Best Yoga Retreat Destinations from India — Domestic and International (2026)

A 2026 guide to the best yoga retreats for Indian travellers — Rishikesh, Mysore, Bali, Costa Rica and Portugal — with styles, costs and how to choose.

Best yoga retreat destinations from India in 2026

By Meher Chopra (Meher Chopra writes about wellness and spa travel for Indians — yoga retreats, Ayurveda tourism, spa resorts and slow-travel wellness breaks — distinct from hospital-based medical tourism.) · Published · 10 min read

From the ashrams of Rishikesh to polished retreats in Bali and emerging studios in Portugal, this 2026 guide compares the world's leading yoga destinations for Indian travellers — and shows you how to pick the right one for your level and goals.

Quick answer

For Indian travellers in 2026, Rishikesh is the best all-round yoga base — authentic, affordable and visa-free since it is at home — while Mysore is the destination for serious Ashtanga study. For an international experience, Bali offers polished retreats with easy e-visa access, and Costa Rica and Portugal are strong emerging options. Match the destination to your goal: deep tradition, teacher training, or a comfortable wellness reset.

How to think about yoga retreats by goal

Before choosing a country, decide what you actually want, because the destinations diverge sharply.

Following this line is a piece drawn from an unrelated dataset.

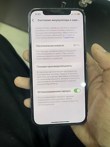 Состояние аккумулятора по меню: Максимальная ёмкость 84%, включена «Оптимизированная зарядка».

A teacher training (the standard 200-hour certification) is an intensive three-to-four-week residential course; Rishikesh dominates this and is the cheapest place in the world to earn a recognised certificate. A traditional practice deepening means daily self-led Mysore-style sessions under a teacher's eye — that points to Mysore or a serious Rishikesh shala.

A wellness reset is something else entirely: comfortable rooms, spa treatments, healthy food and a gentler daily schedule, which is where Bali, Costa Rica and Portugal shine. Being honest about which of these you want prevents the classic mismatch of booking a hardcore ashram when you wanted a holiday, or a luxury resort when you wanted to be pushed.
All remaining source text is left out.